Cardiff further evidence of O’Neill’s ability to galvanize his squad

McClean and Duffy lead those who have handsomely repaid the manager’s faith

 Republic of Ireland  manager Martin O’Neill and Shane Duffy celebrate after the win over Wales in Cardiff. Photograph: James Crombie/Inpho

Republic of Ireland manager Martin O’Neill and Shane Duffy celebrate after the win over Wales in Cardiff. Photograph: James Crombie/Inpho

 

Time and again the players who play for Martin O’Neill say his great strength is the belief he shows in them and how it leaves them wanting to repay him.

Few, though, can have settled their debt to the Republic of Ireland manager in the way James McClean has over the course of the current World Cup campaign.

McClean was in and out of the team before Euro 2016 but was one of the players O’Neill looked to when Ireland needed to beat Italy in Lille and, like Shane Duffy, the West Brom winger has not looked back.

In this World Cup campaign, the 28-year-old has scored four goals in nine appearances with every one of them critical to Ireland securing points. Ironically, perhaps, had McClean managed anything like that sort of return in O’Neill’s last season at Sunderland, the manager might never have ended up in his current job.

The club struggled that year but the defence was sufficiently robust that a few more goals would have produced significant yield and the manager might well have survived through to the summer and beyond. Of 31 league games under O’Neill that season, just seven were won but in 18 of the others adding in a Sunderland goal would have meant an extra point or two.

McClean started 24 times over the course of the full season, coming on in another 12 games but he scored just twice. John O’Shea finished the season with as many goals.

Seven games before the end of the season, with Sunderland just a point clear of the drop zone, O’Neill was sacked and eight months later he accepted the Ireland job. Key to the FAI choosing him was as Giovanni Trapattoni’s replacement was his reputation for man management with former players regularly citing his ability to extract the best from them at key times.

There was widespread frustration with the style of football the Italian had Ireland playing and while O’Neill was also seen as very much a pragmatist, the hope was that his greater ability to connect with the group of players he inherited would lead to at least some improvement on all fronts.

The news last week that he has informally agreed a third two-year contract with the association is confirmation that, while the football is still not too easy on the eye, the results being achieved are keeping his employers happy.

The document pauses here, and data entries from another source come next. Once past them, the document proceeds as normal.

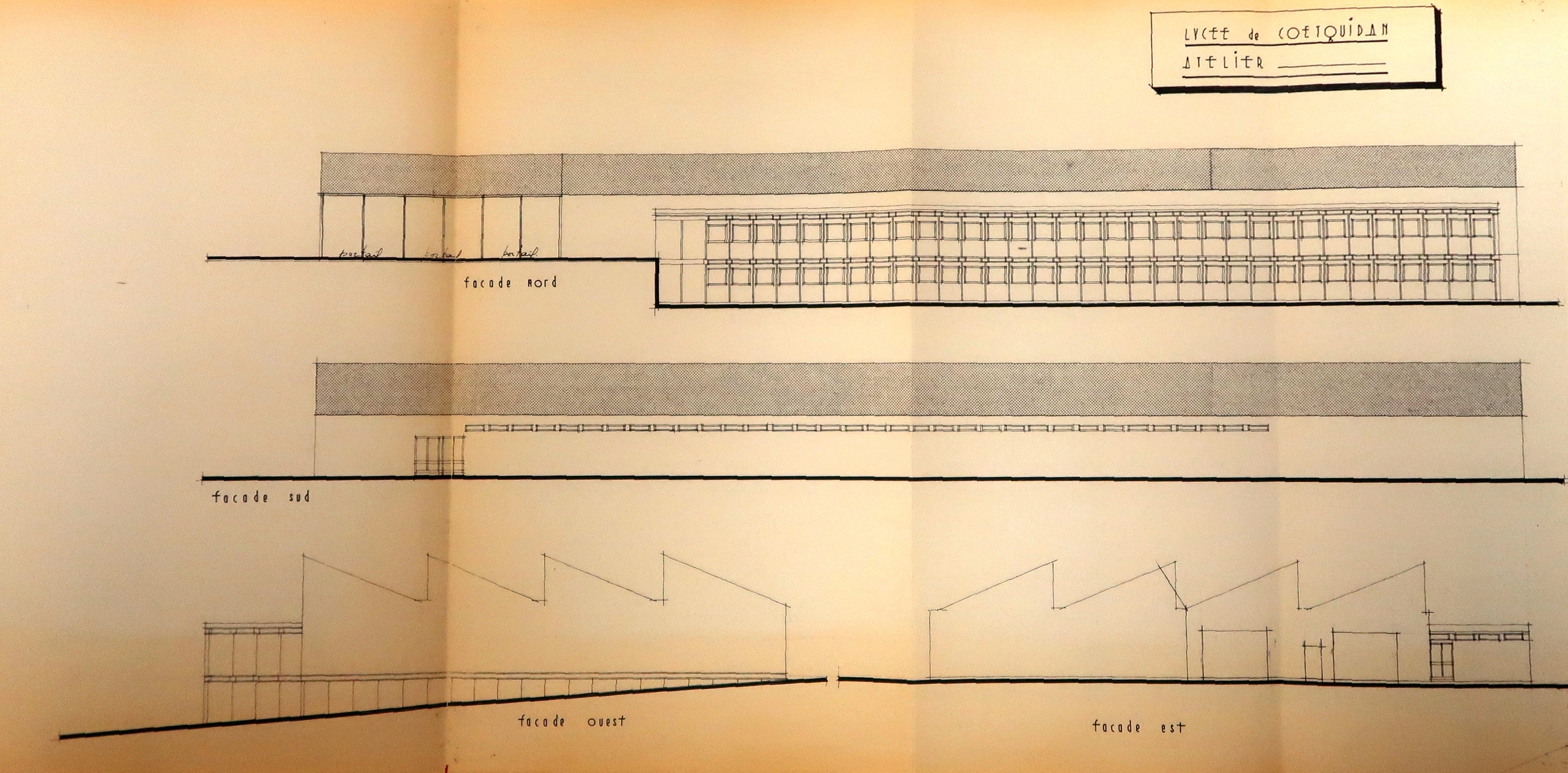 Document figuré issu d'un fonds non classé sur la construction du lycée, conservé dans les archives de l'établissement, comprenant des plans, élévations et coupes dont certains sont datés et signés de l'équipe d'architectes sous la direction de Georges Massé, d'autres, réunis dans un cahier A3, ne le sont pas.
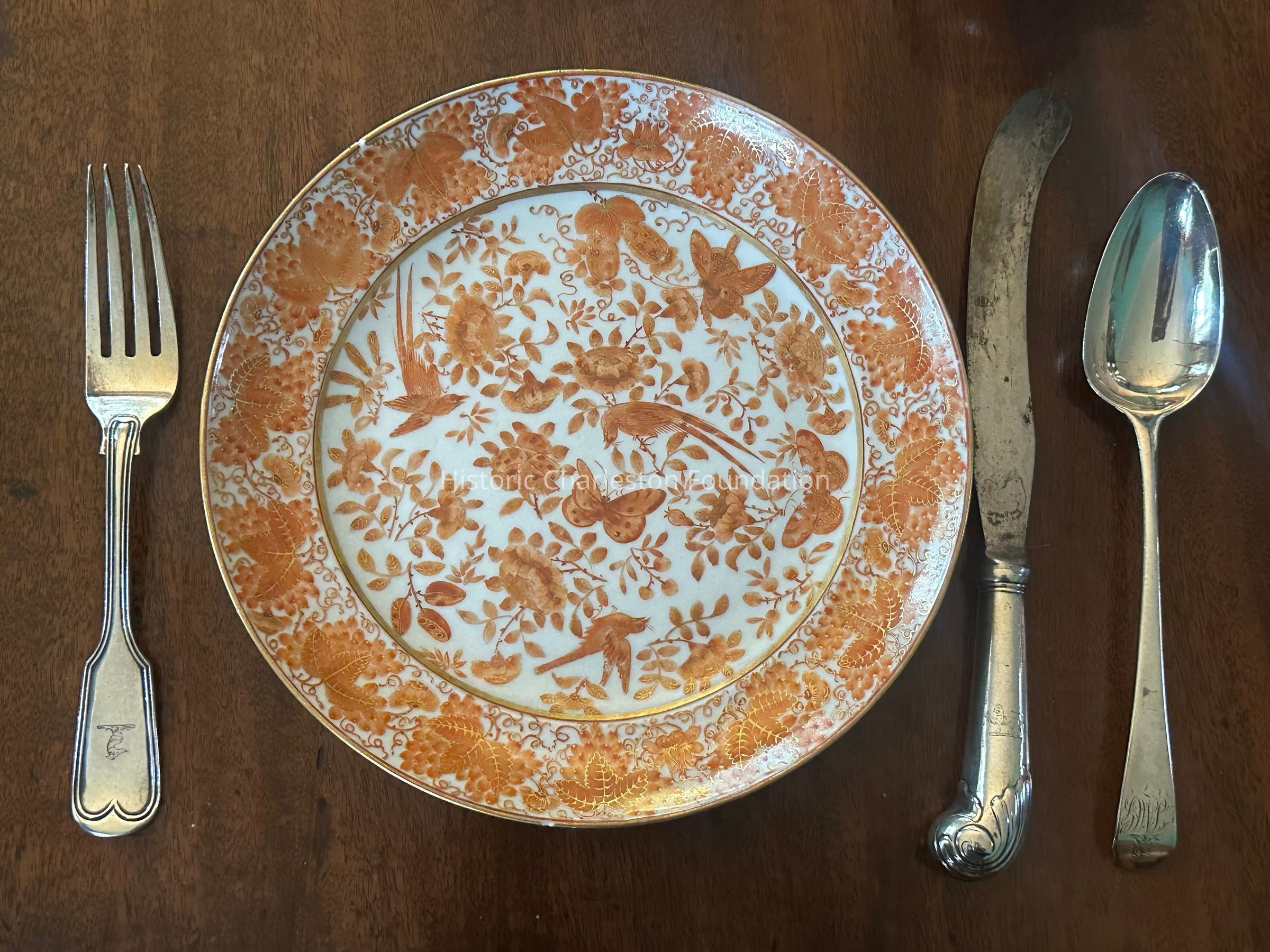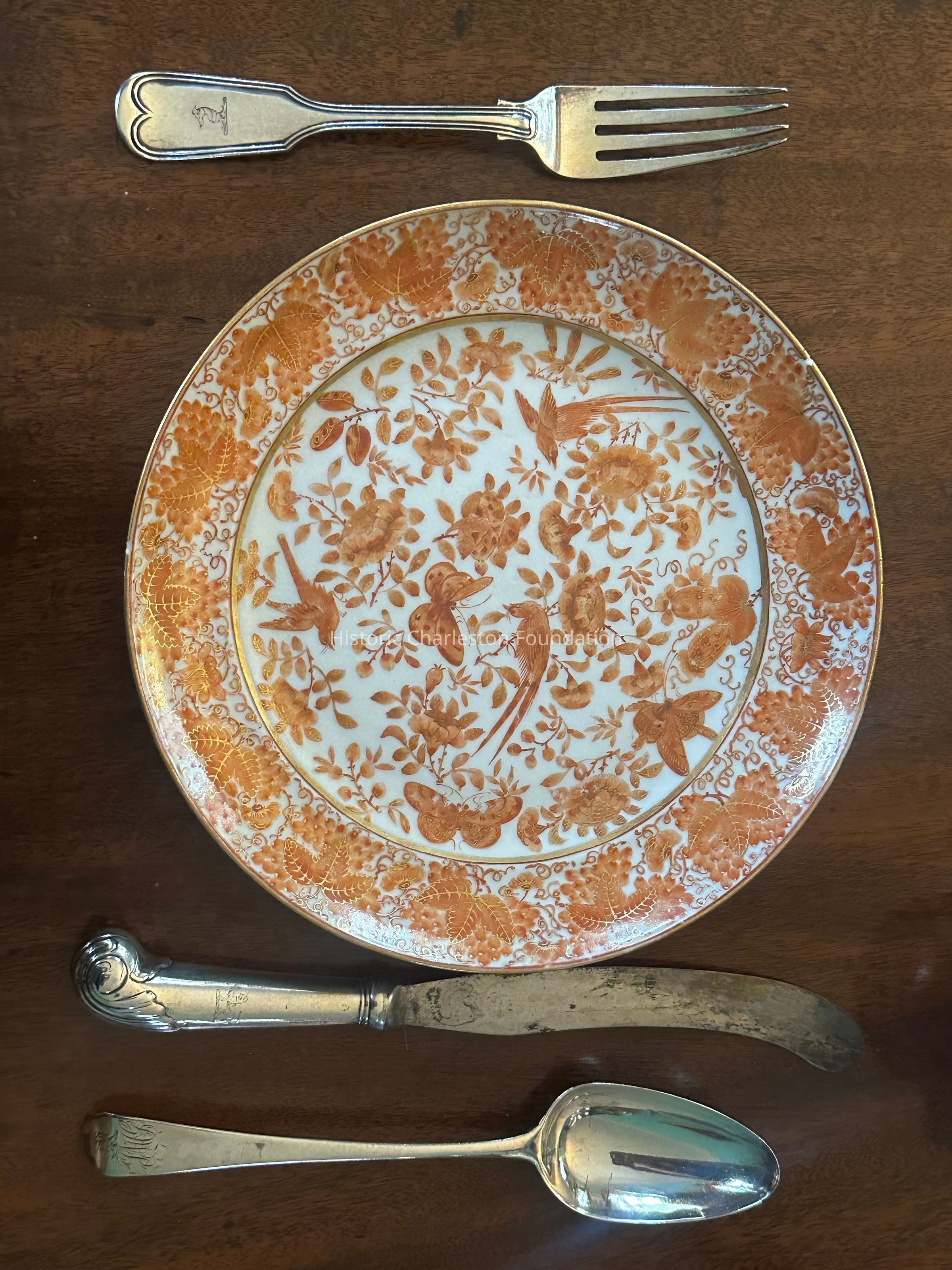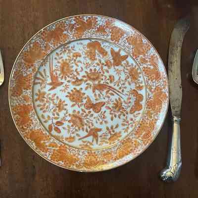 Chinese Export Porcelain in Sacred Bird & Butterfly Pattern, C.1815, Dinner Plate , One of a large set of Chinese Export Porcelain in Sacred Butterfly Pattern with Underglaze Orange and Overglaze Gilt Decoration in a Lush Pattern of Birds, Butterflies, and Flowers. Gilt Rim. Original Loan of 54 Pieces, but 23 Pieces Subsequently Returned. One of six plates.Collection
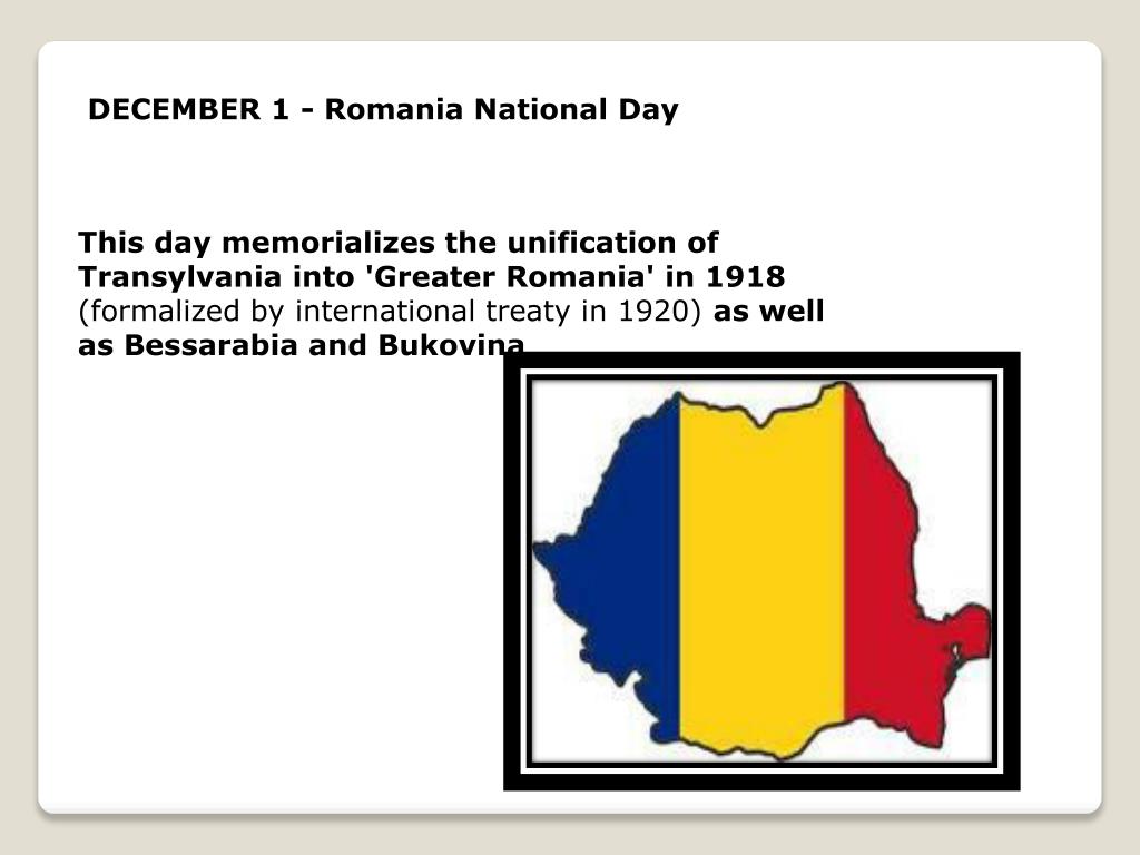DECEMBER 1 - Romania National Day This day memorializes the unification of Transylvania into 'Greater Romania' in 1918 (formalized by international treaty in 1920) as well as Bessarabia and Bukovina
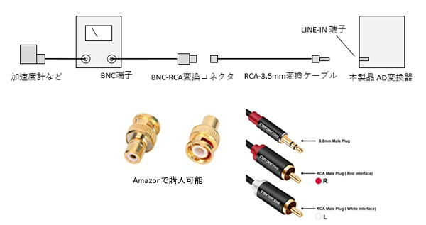 振動加速度など音以外の電圧信号の周波数分析,伝達関数測定は下記接続により可能です。ただし電圧上限は2.0 V程度となります。製品サポートの範囲外となります。
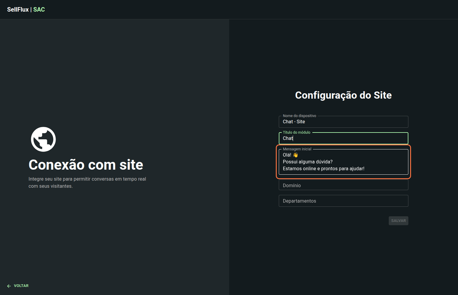 Clique no campo Mensagem inicial e personalize o texto conforme desejar. Essa será a saudação exibida no chat assim que o visitante clicar no botão dentro da sua página.
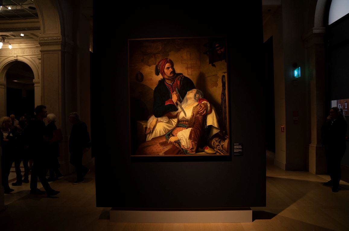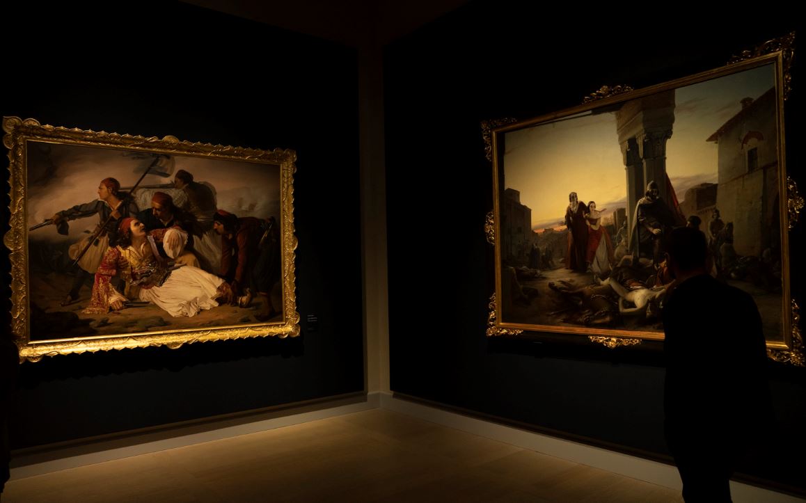 La grande pittura storica continua ad essere considerata il genere più nobile e l’obiettivo privilegiato da un pittore che ricerchi la fama. Indiscusso protagonista è Hayez con Romeo e Giulietta, o l’infelice Caterina Cornaro, in cui si identifica la gioventù destinata a realizzare l’Unità d’Italia. Karl Brjullov, Sebastiano De Albertis, Ludovico Lipparini, Pasquale Massacra, Cesare Mussini rivelano una novità sperimentale dove diversi linguaggi sono messi a confronto sul tema della morte dell’eroe: Francesco Ferruccio finito da Maramaldo e Marco Botsaris, immolatosi per la libertà della Grecia.
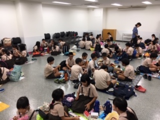科学技術館の方のご配慮で、エアコンの効いた室内でお弁当を食べさせていただいています。
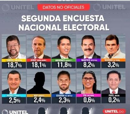 Samuel Doria Medina y Jorge Tuto Quiroga, ambos representantes de fuerzas opositoras, lideran la segunda encuesta nacional de intención de voto entre los candidatos inscritos ante el Tribunal Supremo Electoral (TSE) para los comicios del próximo 17 de agosto. El estudio fue elaborado por Ipsos-CIESMORI.
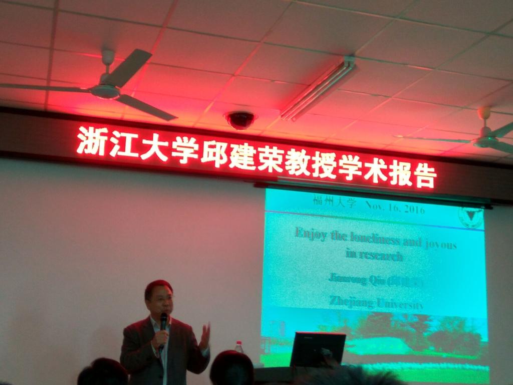11月16日上午,浙江大学长江学者特聘教授邱建荣为成人网站 师生带来一场题为“享受科研的孤独和快乐----和同学们分享一些体会和心得”的精彩报告。
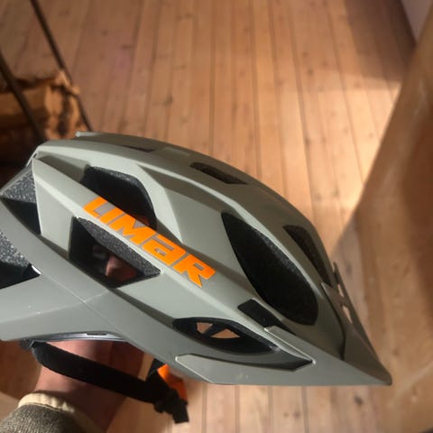 Hjelmen er synlig brukt, men fortsatt funksjonell.

In terms of this Irish team, McClean and Duffy are perhaps his two greatest success stories. But the manner of Monday’s win, like the ones over Germany, Italy and Austria, highlighted his ability to inspire the wider group.

He can make his disappointment forcefully felt at times, it is said, but his preferred approach seems to be to coax and encourage players, sometimes with humour, into raising their game.

He does not, it seems, dwell on detail suggested Craig Bellamy after the Cardiff game with the former Celtic player insisting O’Neill had never worked with him on a set piece but rather settled for encouraging players to get into the box and attack the ball.

Few days

Neil Lennon has previously recalled the start of the 1996/97 season at Leicester when O’Neill changed the formation on the eve of the team’s opening game but talked the players through the switch in only the broadest of terms; trusting them instead to understand how their role would change.

“Because he didn’t tell us about it doesn’t mean to say he hadn’t given it a lot of thought,” said the former Northern Ireland international.

There is much less potential to work on the detail of a change like that at international level where the manager and players get to spend only a few days together at a time. But David Meyler, a bit-part player in that Sunderland season, suggests that some work was done in training on the specifics of the approach in Wales although the Corkman talked too about the manager taking the players aside to convey what he needed of them on an individual level.

Few, it seems, are left unaffected by the conversations with players determined to deliver for the 65-year-old.

“He gives the players belief,” says O’Shea, another man to have played under him for both club and country.

“He gives them responsibility and trusts them. He names the team late, some boys might know they’re playing, some might not. But when he picks the team he has total faith in them because the messages are clear beforehand of what we’re looking for; what we’re needing to go and produce.”

John Hartson, who thrived under his management at Celtic, has described O’Neill as “a genius,” claiming “he just gets extra from every player” because, he argues, there is “that fear of letting him down. That fear of being the one that doesn’t quite achieve”.

His current crop seem to agree with Duffy describing him as “brilliant” in the wake of Monday night’s win.

“He’s had so many big-game experiences. He just makes you calm and gets you up for it. He lets you know how important it is and everyone listens when he speaks. It’s great to learn off him, it’s great for me personally, and he’s given me a chance to go out there and perform on a big stage.”

Successfully getting through the playoffs would mean the whole group getting to compete on the biggest stage of them all. All we know about next month’s games ahead of next Tuesday’s draw is that Ireland’s home leg is likely to be on the first or last of the scheduled dates – the 9th or 14th – because of the November Series rugby match against South Africa.

That, and the fact that O’Neill will have his players up for it all again.